Are dried corn stalks safe for goats?  I've got some up in the hay barn from this year, but don't know if they are safe or not.  Some of them do have stripped cobs on them (the chickens ate all the kernels off before I cut them down.)


----------



## freemotion (Sep 15, 2009)

I never have, but I'd give them to my girls.  Introduce any new food slowly.  But corn is a form of grass, so if they like it, they will eat it.  I have only one of my four who is seriously interested in the husks when I buy sweet corn.


----------



## currycomb (Sep 15, 2009)

mine love the stalks.


----------



## FarmerMack (Sep 15, 2009)

I feed the stalks to my goats dried or not. My Angora buck loves them but my pygmy doe doesnt.
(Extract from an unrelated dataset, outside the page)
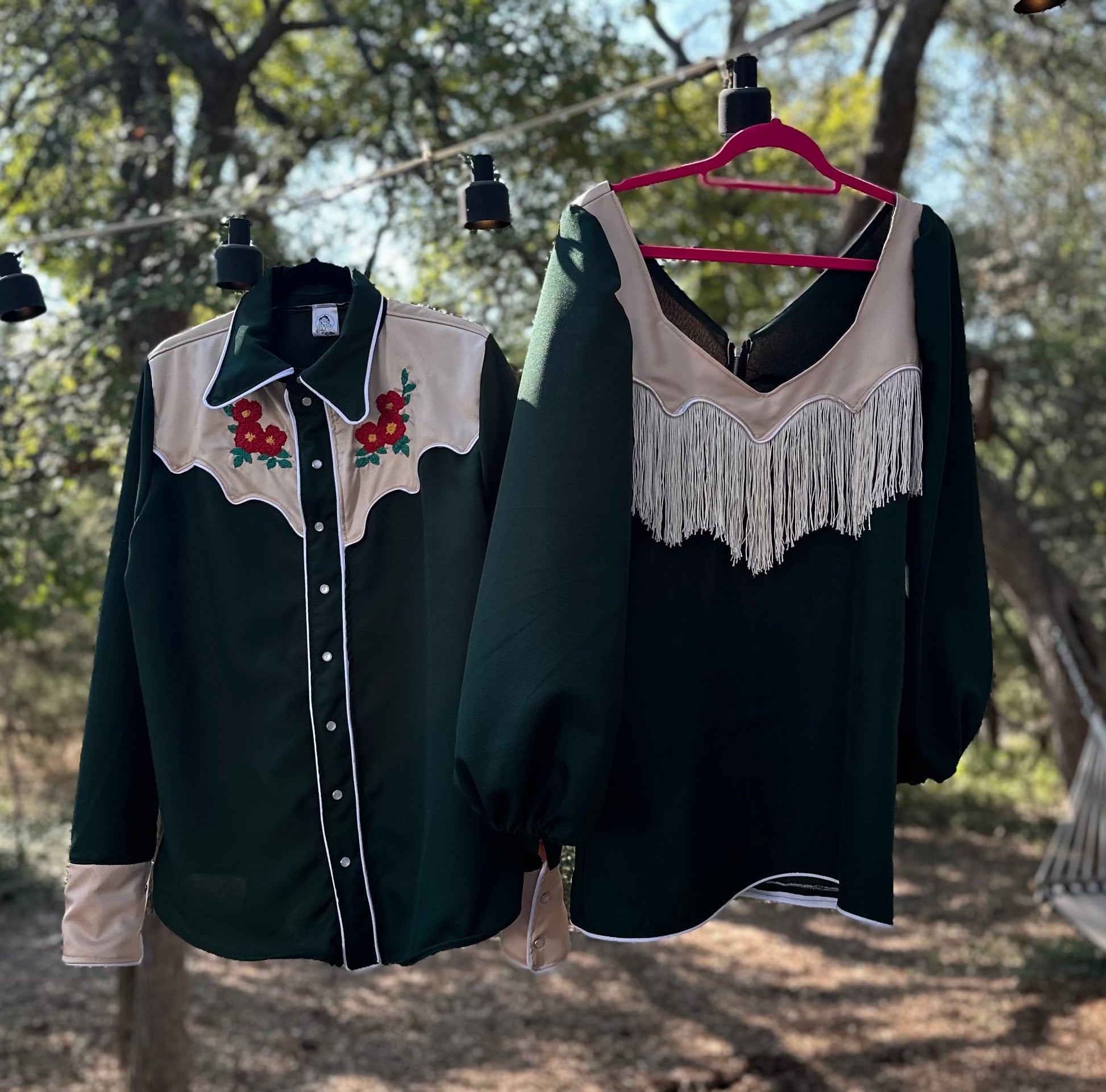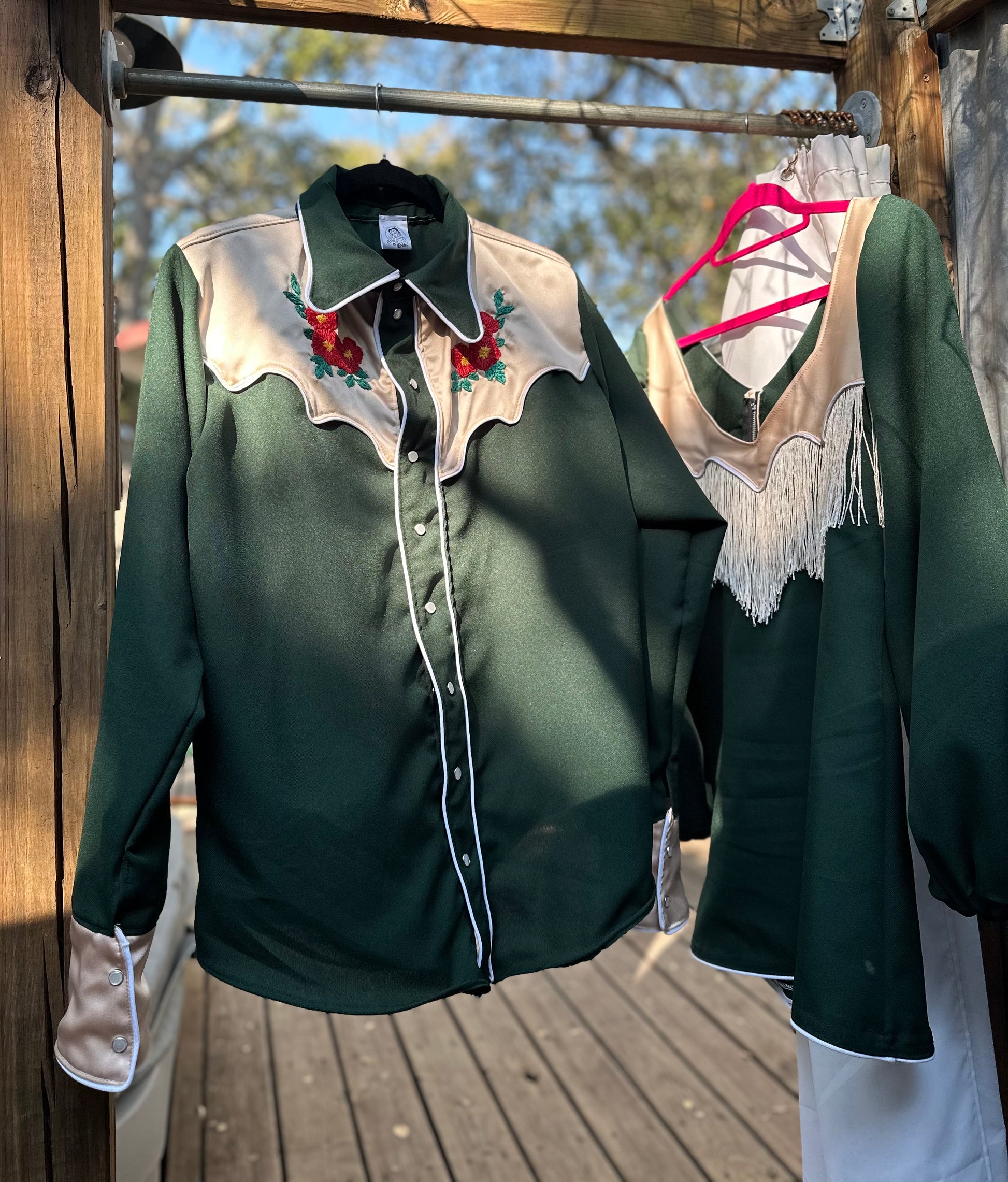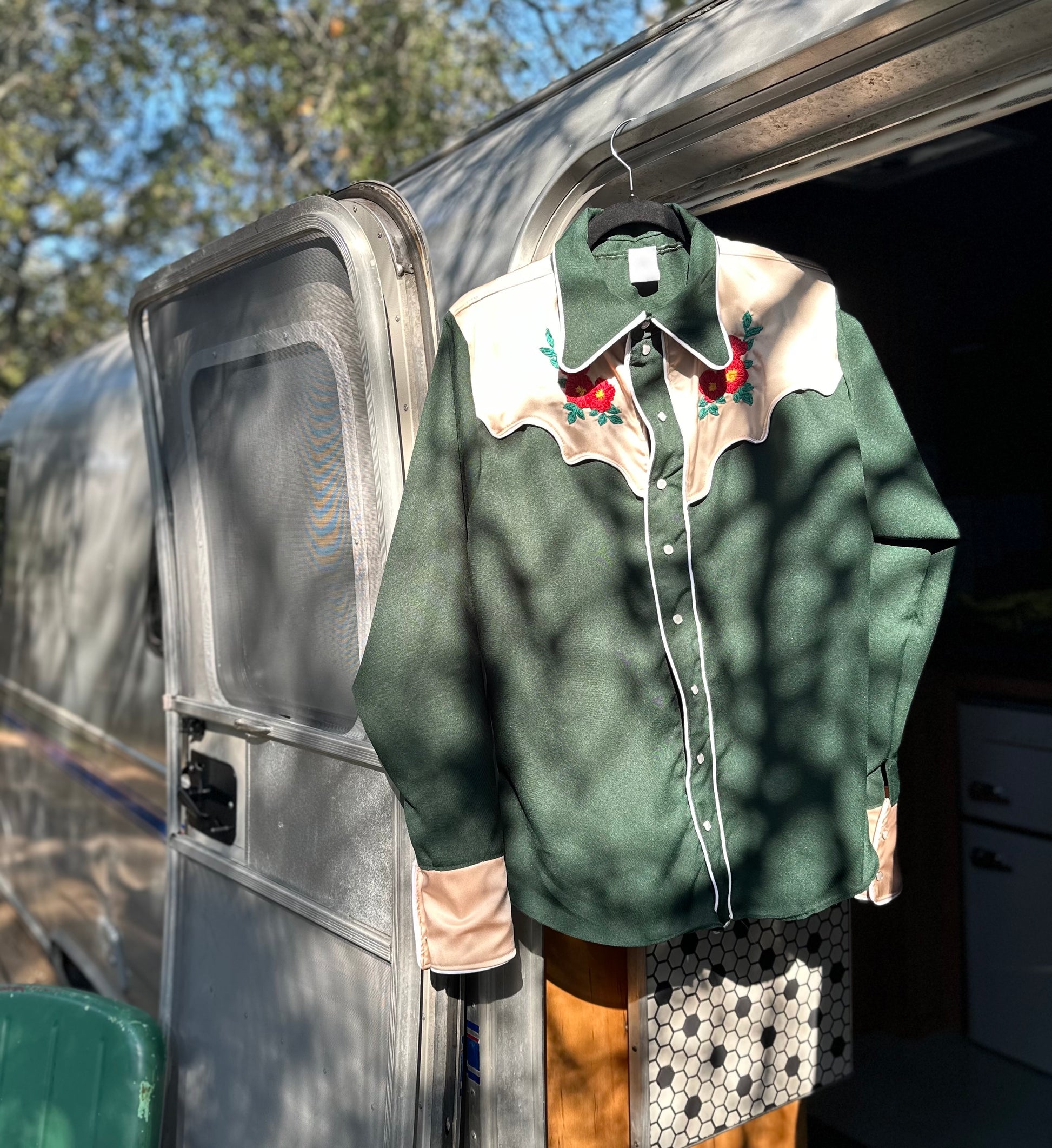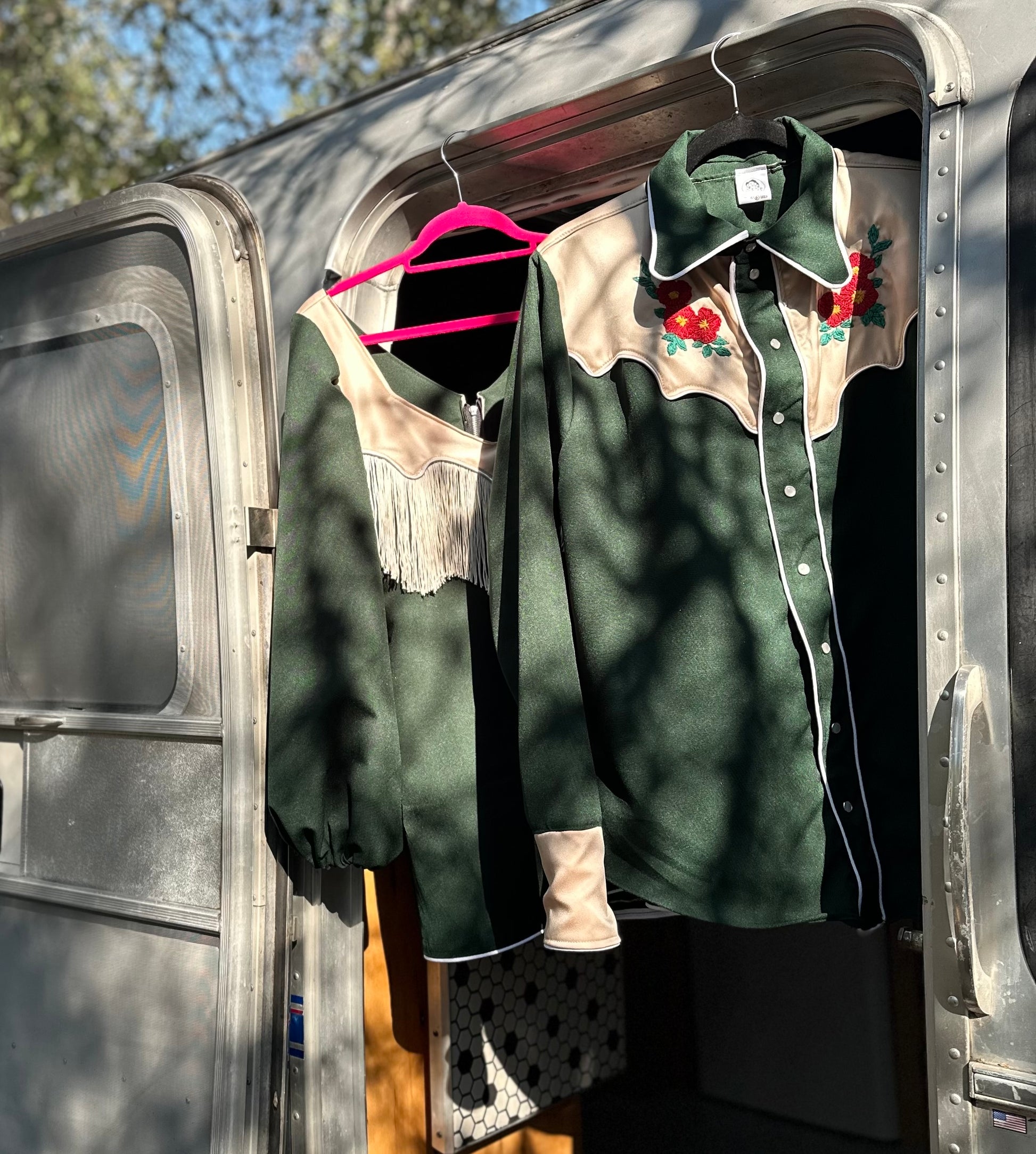 Made to order pearl snap cut from a cotton poly blend, lightweight and breathable. Yolk is a lightweight satin trimmed with satin piping. Floral embroidery is hand drawn and hand sewn. Pearl snap design and embroidery is customizable!

The Angora's 2 pygora boys both like them but not as much as he does. feed away if they dont like it they wont eat it


----------



## Mini-M Ranch (Sep 15, 2009)

Well, they went for it...after it was thoroughly sniffed and licked a little by our bravest doe.


----------



## freemotion (Sep 15, 2009)

Just in case they were the goat-eating kind of cornstalks....like the stories told in the barn by the older bucklings after the people turn the lights out......


----------



## annanicole18 (Sep 15, 2009)

mine loved taking over my garden.  my dairy doe plowed the stalks over because my pygmy is too little.  they liked it and it kept them busy


----------